Мне нравится его нетерпение и напор. Нравится то, что он творил сейчас с моим телом. Будто бы только он один на всём белом свете знал, как сделать так, чтобы я сходила с ума, плавясь в его руках и задыхаясь от переполняющих меня ощущений.
На мгновение промелькнула мысль, всё-таки сказать Ярику, что это мой первый раз. Но эта мысль тут же испаряется из сознания, стоило Мереминскому забраться под ткань моих джинсовых шорт, чуть приспуская их вниз…
Никто и никогда не ласкал меня там. Никто! Но я позволяю ему, позволяю ему всё… Сама ускоряю темп, глубже насаживаясь на его пальцы, ощущая приятное растяжение внутри. Ярик что-то шепчет мне на ухо, что-то безумно пошлое и в то же время безумно приятное, что только сильнее распаляет меня.
Одним движением окончательно стягивает с меня шорты вместе с насквозь промокшими трусиками. Помогает освободиться от топика.
На секунду меня охватывает лёгкое смущение от своей наготы. Непроизвольно прикрываюсь рукой и пытаюсь свести вместе чуть дрожащие ноги, но Ярик не дает мне этого сделать.
— Ну уж нет, — тихо смеется он, снимая футболку и нетерпеливо отбрасывая её не куда-то в сторону. А следом, чуть морщась, стягивает с себя джинсы.
Какой же он…
У меня вырывается восхищённый вздох, когда я наконец вижу его обнажённого. Скольжу затуманенным от желания взглядом по его красивому, слегка подкаченному телу. Конечно, за столько лет, что мы знакомы, Ярик не раз щеголял передо мной своим оголённым торсом. Да и на пляже я при желании могла во всех деталях разглядеть его фигуру. Но это всё было не то… Абсолютно не то!
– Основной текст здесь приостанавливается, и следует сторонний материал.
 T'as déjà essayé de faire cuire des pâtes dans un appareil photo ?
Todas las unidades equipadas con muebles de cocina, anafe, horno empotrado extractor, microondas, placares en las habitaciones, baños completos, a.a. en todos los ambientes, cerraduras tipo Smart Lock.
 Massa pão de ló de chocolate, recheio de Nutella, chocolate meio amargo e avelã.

Перевожу взгляд туда, где даже в полумраке так отчётливо видно его возбуждение. Тяжело сглатываю, представляя, как это будет — ощутить его полностью в себе внутри…
Сердце сотрясает грудную клетку от волнения и предвкушения.
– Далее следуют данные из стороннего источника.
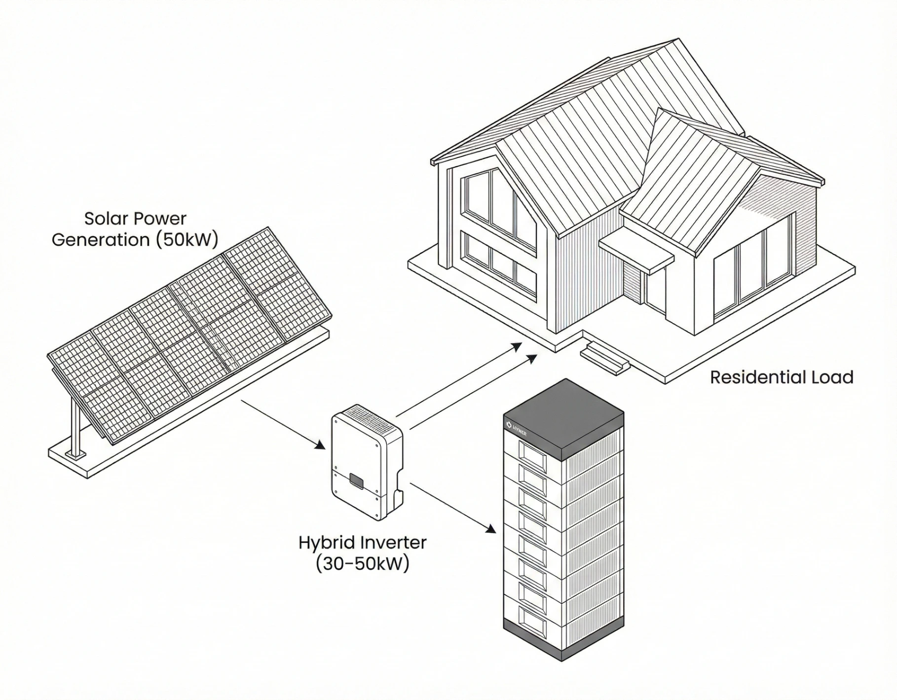 - Compatible with 30–50 kW hybrid inverters and 50 kW solar arrays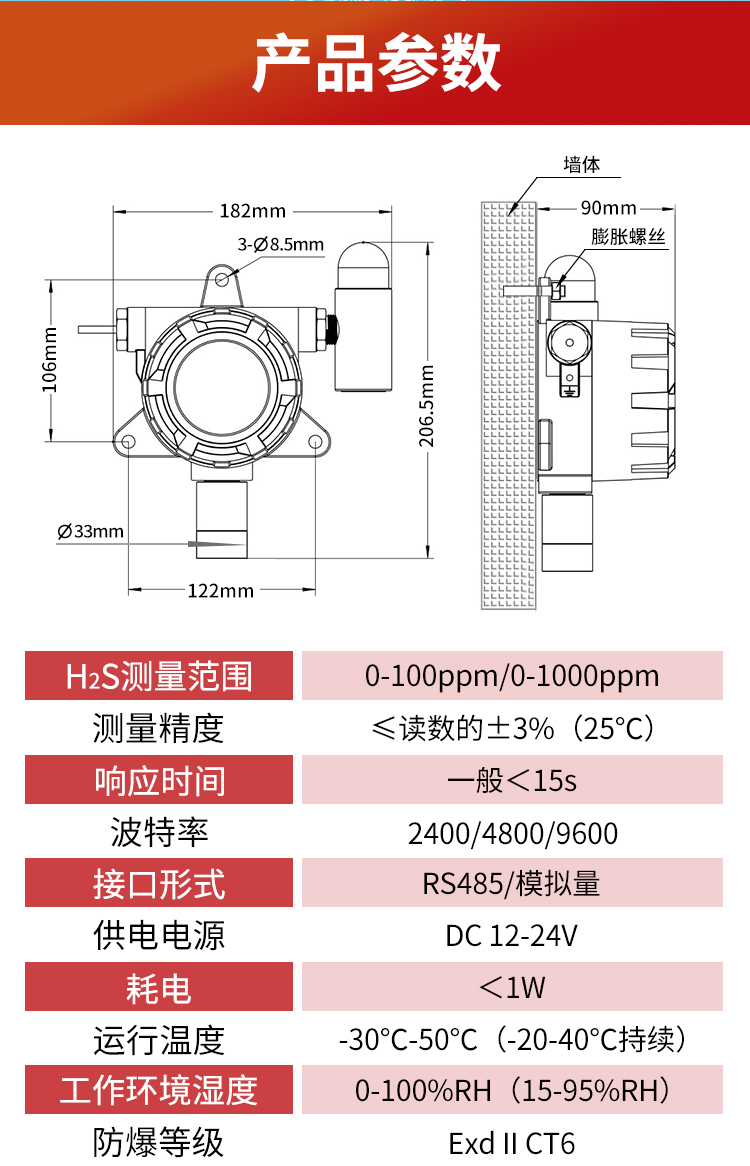 H2S測量精度:≤讀數的土3% (25°C)

Но Ярик не спешит избавиться от последнего предмета одежды. Чуть сильнее разводит мои ноги в стороны, подхватывает меня под бёдра и притягивает ближе к себе. Начинает осыпать поцелуями мой живот, спускаясь к внутренней стороне бедра. Нежные и обжигающе жаркие касания губ вновь заставляют меня тихо стонать.
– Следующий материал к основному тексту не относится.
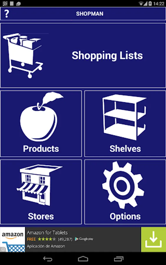 Shopping List Manager (Shopman) is a simple yet comprehensive app to allow you to quickly and easily keep your shopping lists on your phone. Indeed, it has been custom designed with phones in mind as it is these devices that you carry around with you! Shopman shopping list manager is broken down into five separate areas. Three of these are for the definition of stores, shelves and products. Then there is an options area and finally, once everything is defined, you can create your individual shopping lists. There is one shopping list per store and as stores are unlimited, you can have as many shopping lists as you wish. Stores can be anything you like such as "Sainsbury's" or "Sainsbury''s Weekly", "Sainsbury''s Monthly", etc. if you prefer.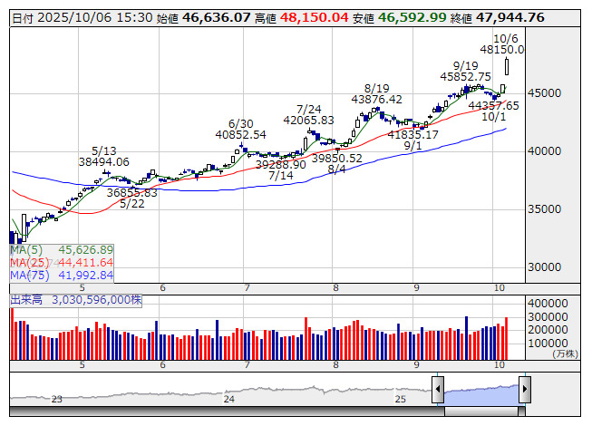【市況】【↑】日経平均 大引け| 急騰、高市氏勝利を好感し一時4万8000円台 (10月6日)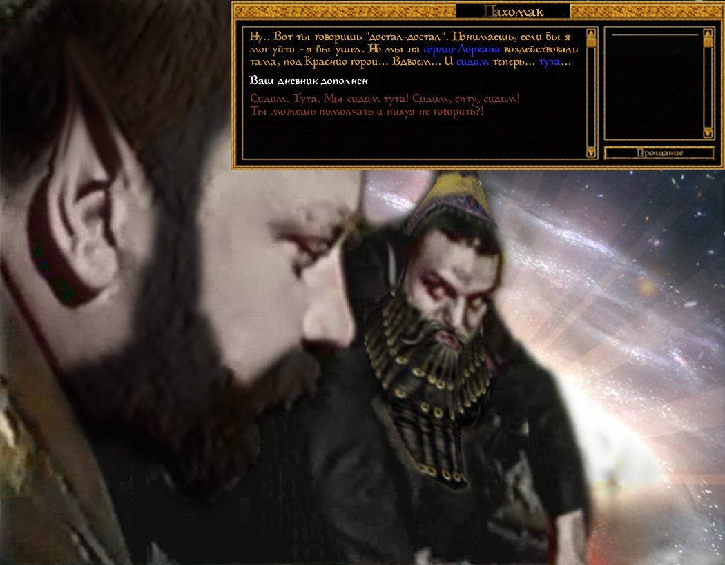 - Ра`Жид, ты ведь из имперского города? Рассскажи, правда, что там все только и делают, что бухают, дерутся, убивают друг друга, жрут скууму, трахаются по кустам, валяются в дерьме и вступают в "Мифический рассвет"? - Какой ещё "Мифический рассвет"?!

— Яр, не надо… — ахнула я, когда он врывается в меня своим языком.
— Т-ш-ш-ш, тебе понравится… — обещает Мереминский, подключая к ласковым касаниям языка свои пальцы.
Боже, такого я не могла представить даже в своих самых смелых и откровенных фантазиях!
Всхлипываю и до боли прикусываю ладонь, пытаясь заглушить свои уже совсем не тихие стоны.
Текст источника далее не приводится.